Abstract
Reconfigurable intelligent surfaces (RISs) are considered as a promising technique for enhancing the network performance and coverage in future wireless communication systems, in which a RIS will absorb, reflect and relay the signal from the transmitters to the receivers. The reflected signals can be combined coherently to improve the received signal or destructively to suppress interference. In addition, the reliability and nearly zero-delay are also notable advantages of RISs in underpinning reliable and low-cost future wireless communications.The majority of the RIS studies are based on idealistic and over simplified system models, while the physical electromagnetic limitations are not taken into consideration. Motivated by this observation, in this thesis, we investigate RIS-aided systems from a physical-based point of view. First, we introduce aperture efficiency into the system, which is an important parameter when it comes to antenna arrays. We derive it as a parameter which only depends on the distance of the source and the destination, the directivity of the source antenna, and the size of the surface. Moreover, we propose a pathloss model based on the aperture efficiency. Finally, we are able to calculate the effective size of the surface depending on different frequencies, which is important for future RIS design.
We also investigate the outage probability performance of RIS-aided Massive MIMO (M-MIMO) downlink systems, where maximum-ratio transmitting (MRT) precoding scheme is deployed at the base station (BS) and serves multiple single antenna users (UEs) through a RIS. In particular, the model we consider is a generalized and three-dimensional (3D) line-of-sight (LoS) channel model, where we also consider the loss on the RIS, i.e. aperture efficiency. A novel closed-form expression for the outage probability and an approximation (using Markov's inequality) are derived. Finally, we provide an asymptotic analysis of the system.

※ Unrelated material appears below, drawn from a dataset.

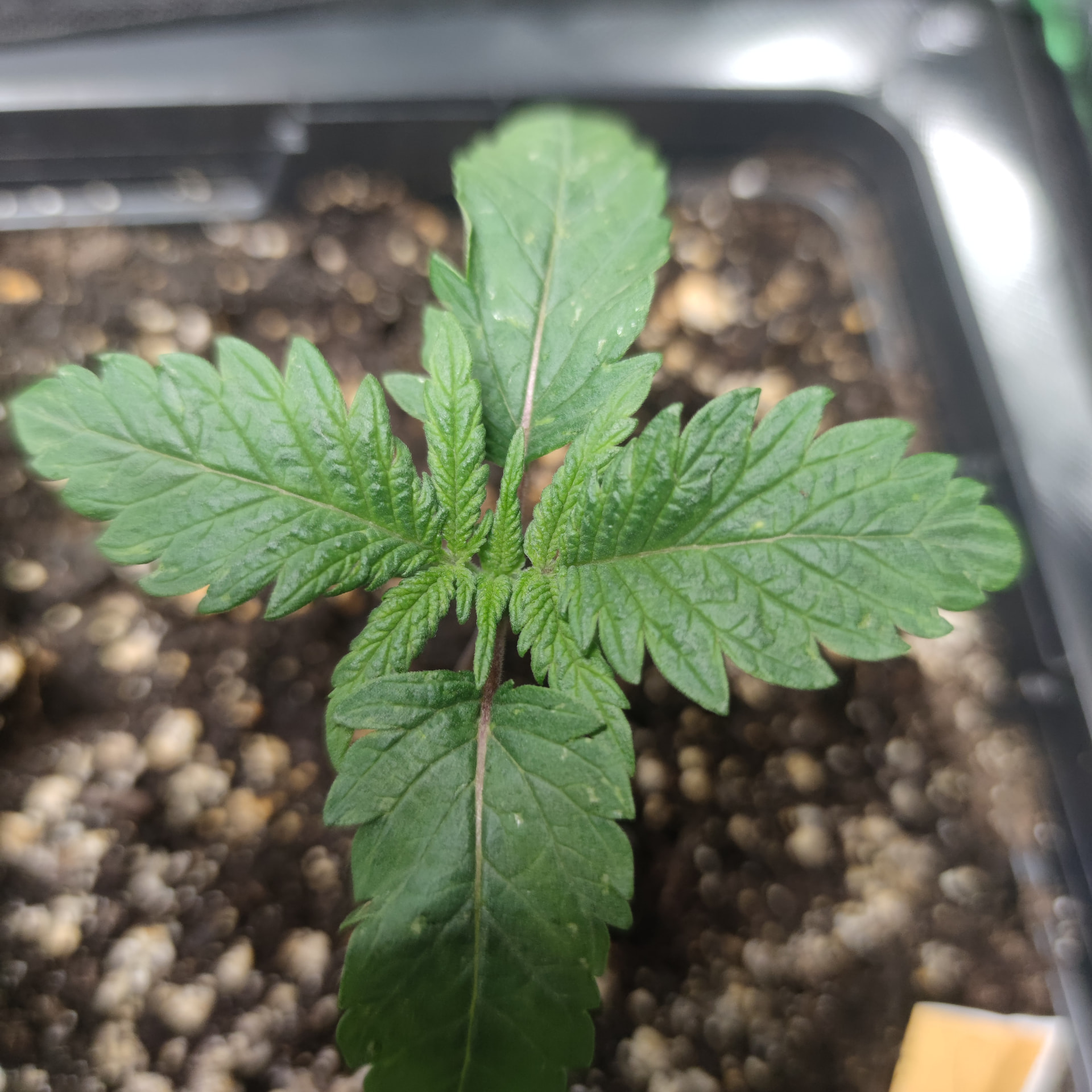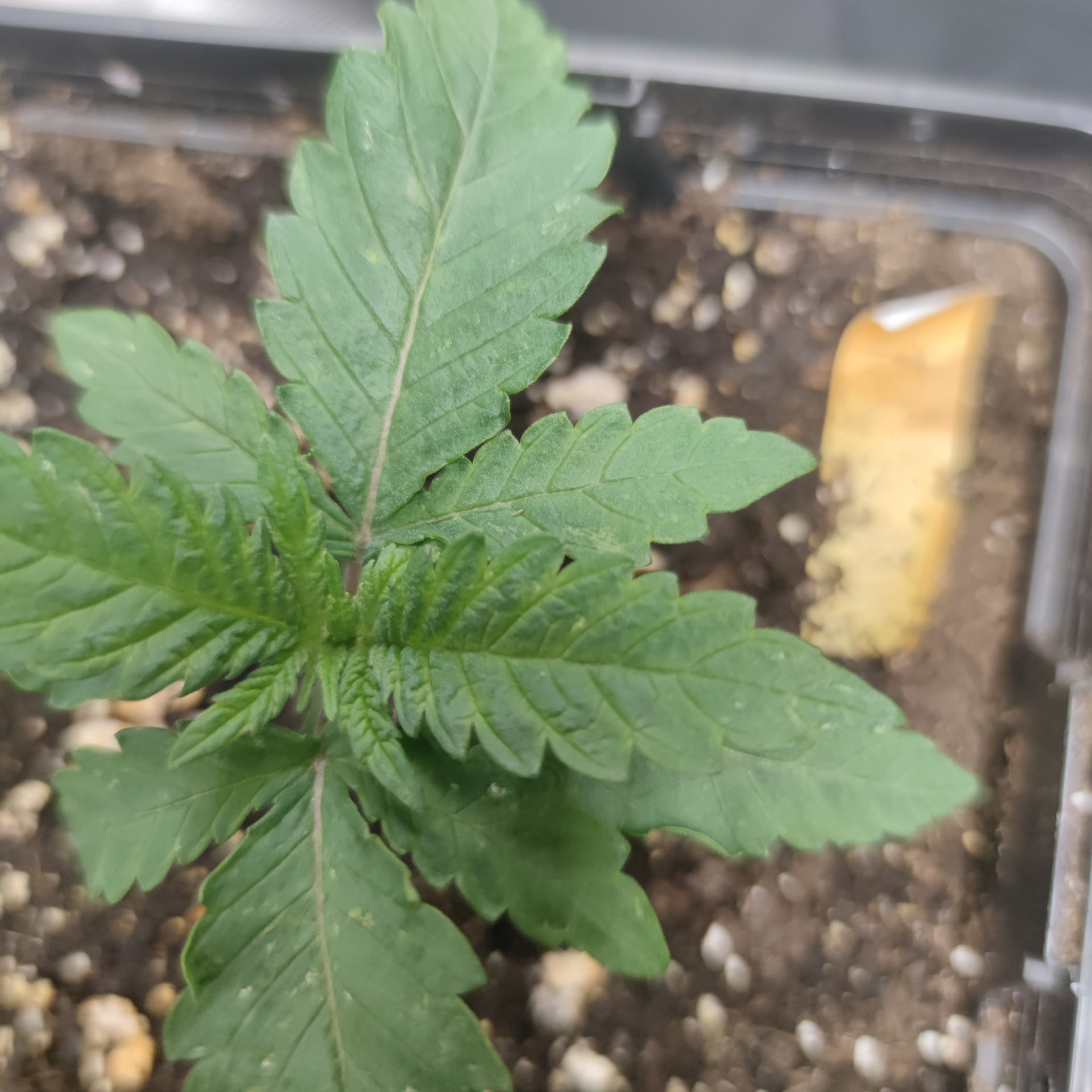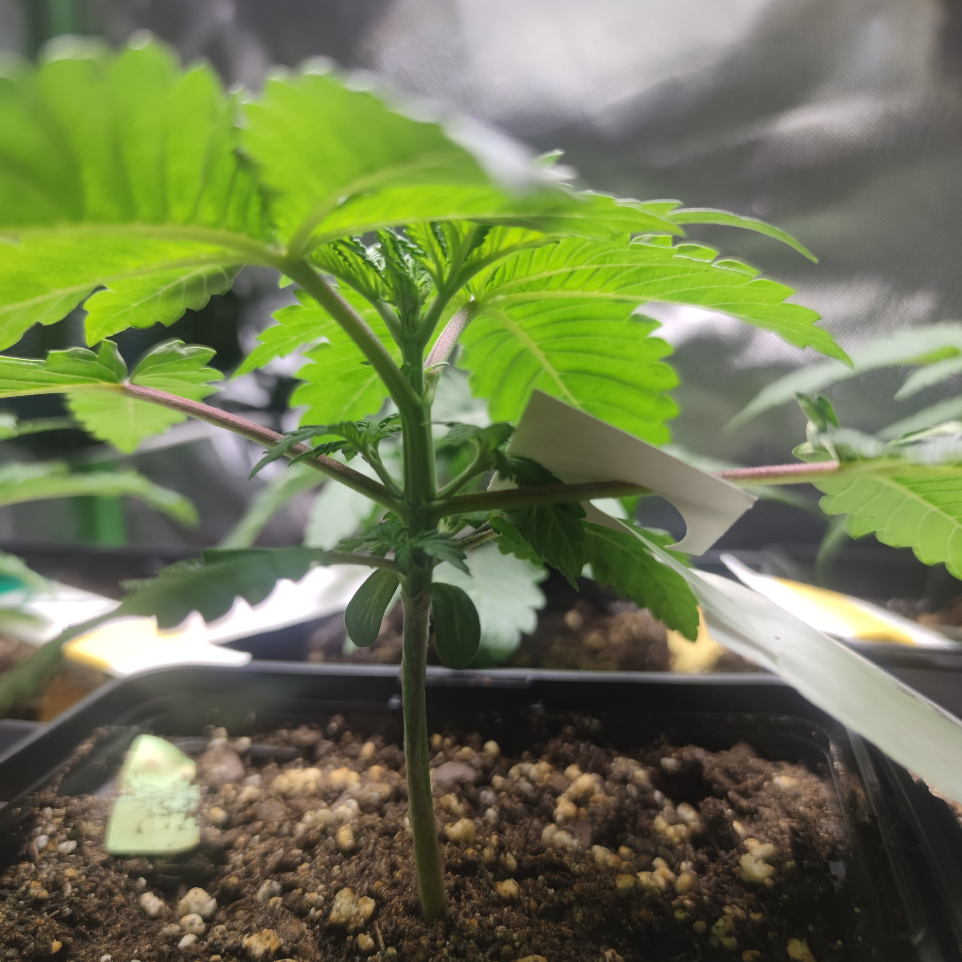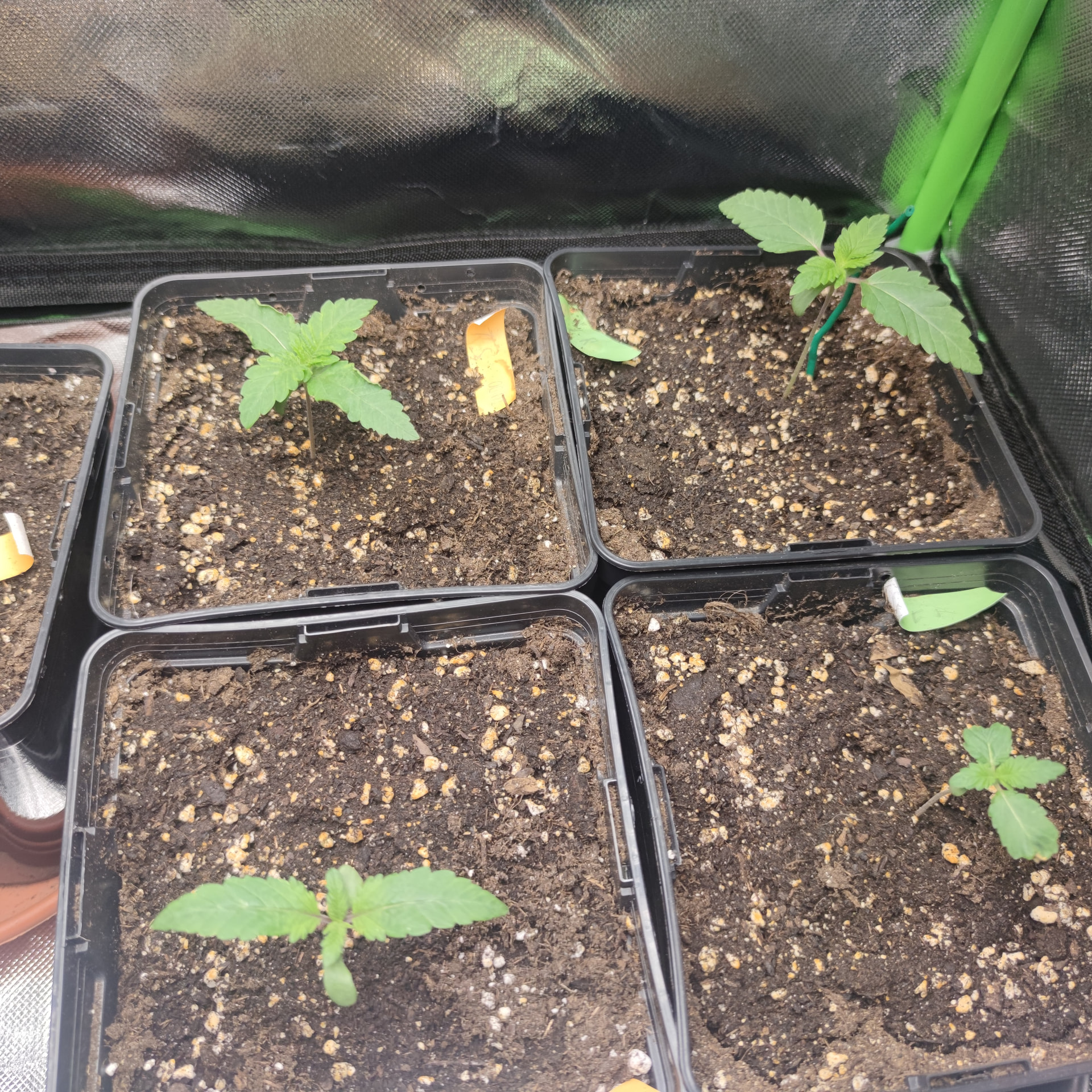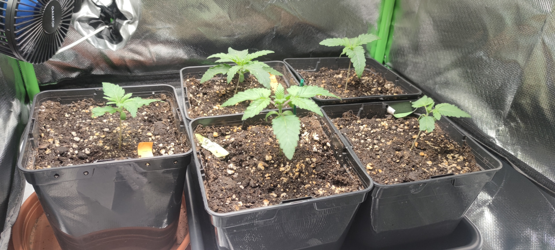 Inzwischen machen die kleinen eine echt gute Figur, wir haben 4 gesunde Nodien bei der Größten, interessanterweise sehen die Blätter bei allen typisch indica aus, obwohl die Tangerine Sugar ja Sativa hybrid ist. Die Raubmilben, Milben da so rum und fressen sich satt. Scheint auch schon weniger zu werden mit den Tripsen.

Conventional RISs play an important role in extending the connectivity and improving the data rate of future wireless communication systems. However, passive RISs have their limitations and, thus, a hybrid-relay RIS (HR-RIS) scheme is proposed to reap the benefits of relaying systems with high power consumption but higher throughput and passive RIS systems with cascaded fading effects but low complexity. In particular, we investigate the performance of HR-RIS in a M-MIMO system with zero-forcing (ZF) processing at the BS, when the channel state information (CSI) is unavailable. We first model the uplink/downlink channels, and derive the linear minimum mean square error (LMMSE) estimate of the effective channels. We then derive a closed-form expression for the signal to interference and noise ratio (SINR) and SE, and propose a beamforming training scheme to acquire the channels estimates at each user. Then, we formulate a max-min fairness problem which maximizes the worst SE among the users. Finally, we provide some useful engineering insights with our asymptotic analysis and numerical results.
Summarizing, this thesis proposes novel performance evaluation methods based on the aperture efficiency, as well as more sophisticated system models to improve the design of conventional RIS in future wireless systems. Moreover, the thesis develops a reliable channel estimation for both uplink and downlink scenarios, and a max-min fairness solution for HR-RIS-aided M-MIMO systems.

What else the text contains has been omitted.